Critique

Le Pont des Espions

Titre original : Bridge of Spies

IMDb 7.6 / 10
Allociné 3.9 / 5
Rotten T. 90%
Critique
Affiche de Le Pont des Espions

Le Pont des Espions

Le Pont des espions, en 2015, prend Tom Hanks avocat de la guerre froide, Mark Rylance espion soviétique délicieusement flegmatique, Amy Ryan, Alan Alda, Scott Shepherd, Austin Stowell et Sebastian Koch, puis demande à Steven Spielberg de faire de la décence procédurale un thriller diplomatique. Hanks y est impeccablement Hanks, c’est-à-dire tellement moralement lisible qu’on pourrait presque s’en servir comme signalisation urbaine. Rylance, plus étrange, plus sec, donne au film son vrai mystère. Spielberg, après Lincoln, continue ici sa grande entreprise de restauration élégante de la démocratie américaine en action. C’est beau. C’est aussi un peu trop bien repassé.

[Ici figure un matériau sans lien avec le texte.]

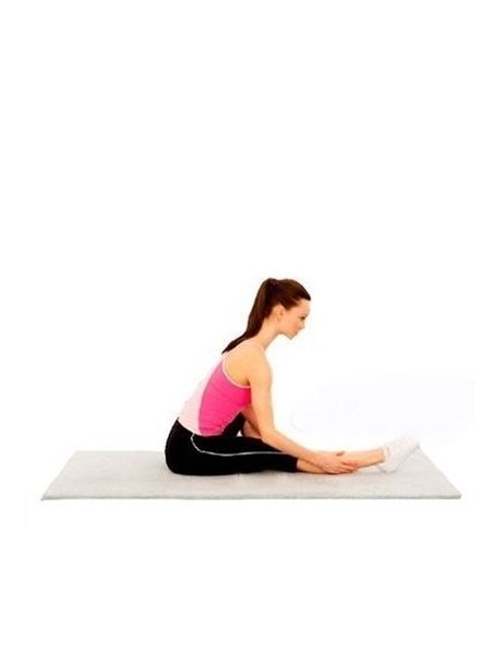 坐姿,右腿伸直置于地板上,左腿弯曲,左脚脚掌紧贴在右大腿内侧,背部撑直,身体微微前倾,右手稳在右小腿外侧,左手稳住左脚,撑直右腿,维持15秒后,可换另一只脚重复做。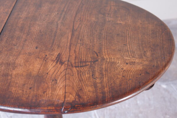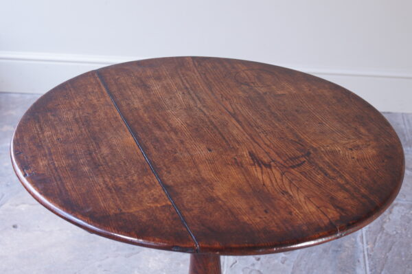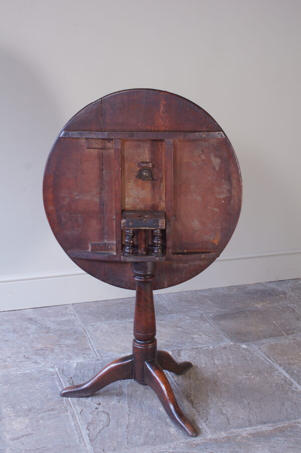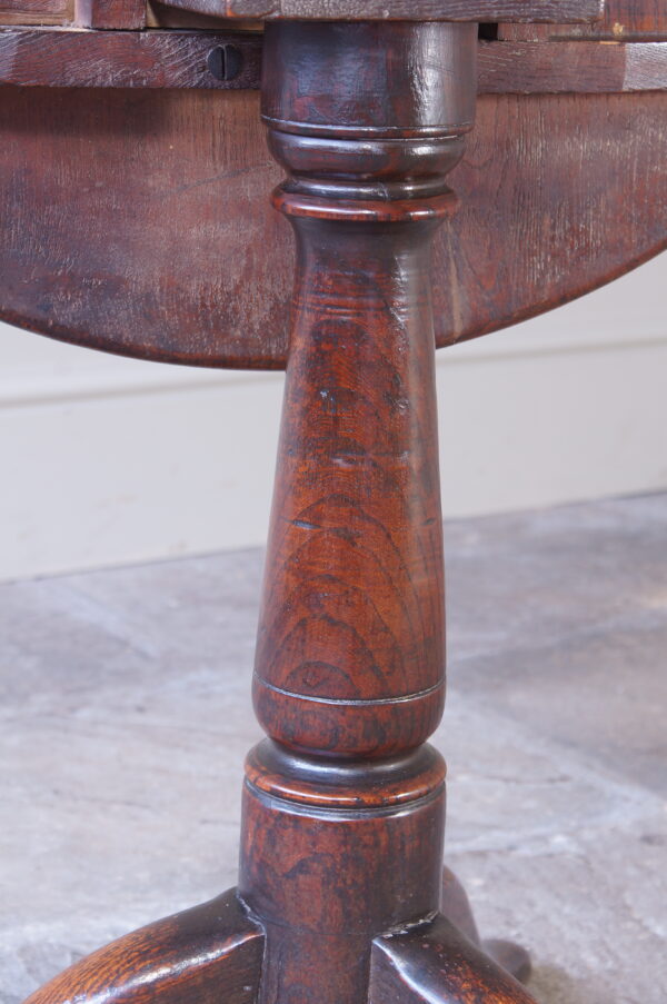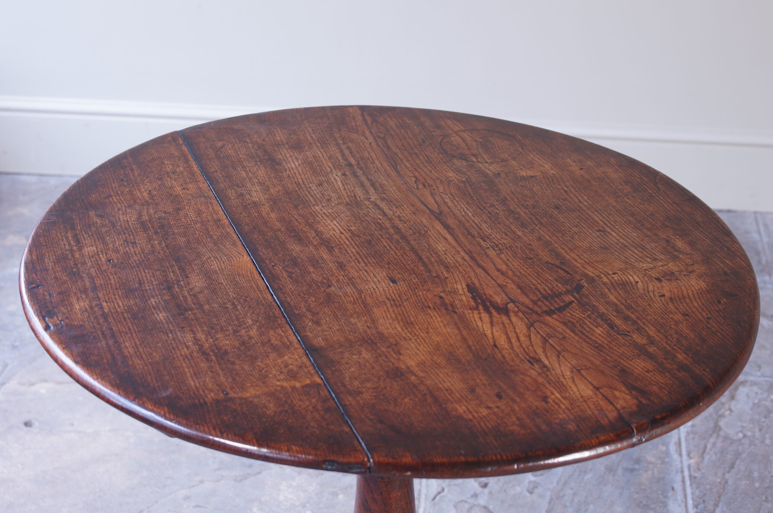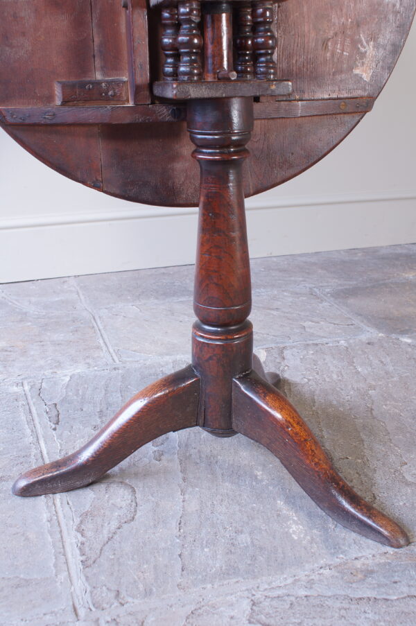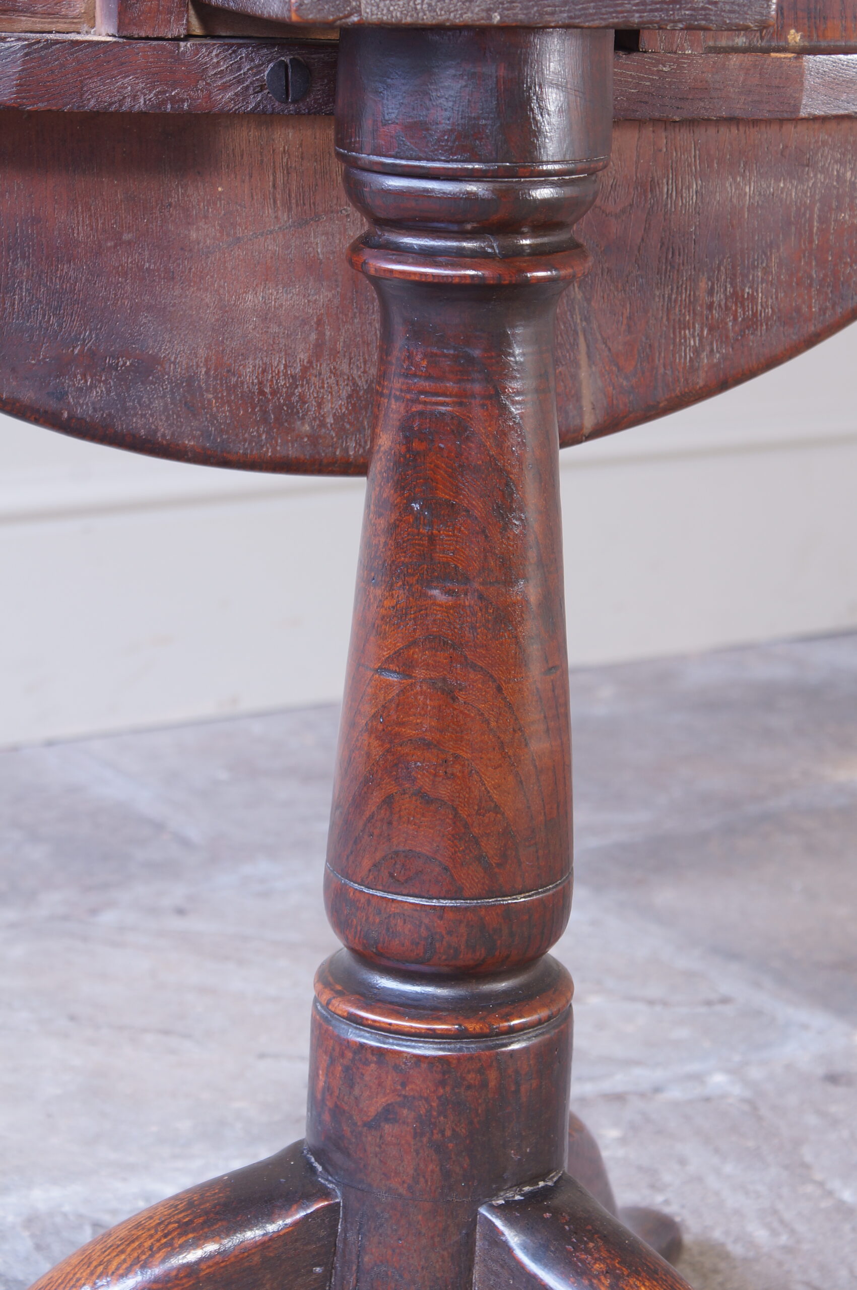 A rare 18th Century Country Elm Tripod Table with bird cage action. With a two piece top, turned stem and unusual shaped legs and to the base.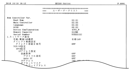 )とその内容をリストで確認できます。リストには登録されている用紙のサイズと種類、送信結果レポート、通信管理レポート、受信結果レポートのプリント設定などがプリントされます。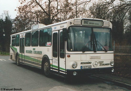 Der letzte im Kreis Viersen im Linienverkehr eingesetzte Standard I-Omnibus ist dieser auf das Kennzeichen VIE-T 662 zugelassene Mercedes-Benz O 307 des Busunternehmens Terlinden aus Nettetal-Kaldenkirchen. Am 28.01.2003 stand der Wagen in Viersen am Bahnhof.

2015 est aussi l’année où les relations entre grandes puissances, les échanges d’otages, les tensions Russie-Occident et le retour d’un vocabulaire de guerre froide occupent à nouveau très clairement l’espace médiatique. Le Pont des espions profite évidemment de cette résurgence. Il rappelle qu’il existe une tradition de négociation, de tenue et de méthode au cœur du conflit. Très bien. Mais il en fait un récit si noble, si maîtrisé, si calme que l’Histoire paraît parfois avoir été rangée pour le meilleur service de l’idéal civique spielbergien.

Le film reste très beau, très bien joué, très intelligent. Il donne aussi l’impression que la justice américaine, lorsqu’elle est correctement incarnée par Tom Hanks sous beau manteau, peut encore réorganiser le monde avec un mélange de bon sens et de dignité. C’est séduisant. C’est peut-être un peu trop reconfortant pour un XXe siècle aussi glacial. Même le mur y devient un décor pour conscience propre.

Anecdote de tournage

🎬 Le saviez-vous ?

un faux pont de Berlin miniature aurait été retiré après avoir “tenté de s’autoproclamer passerelle morale principale entre blocs nucléaires”.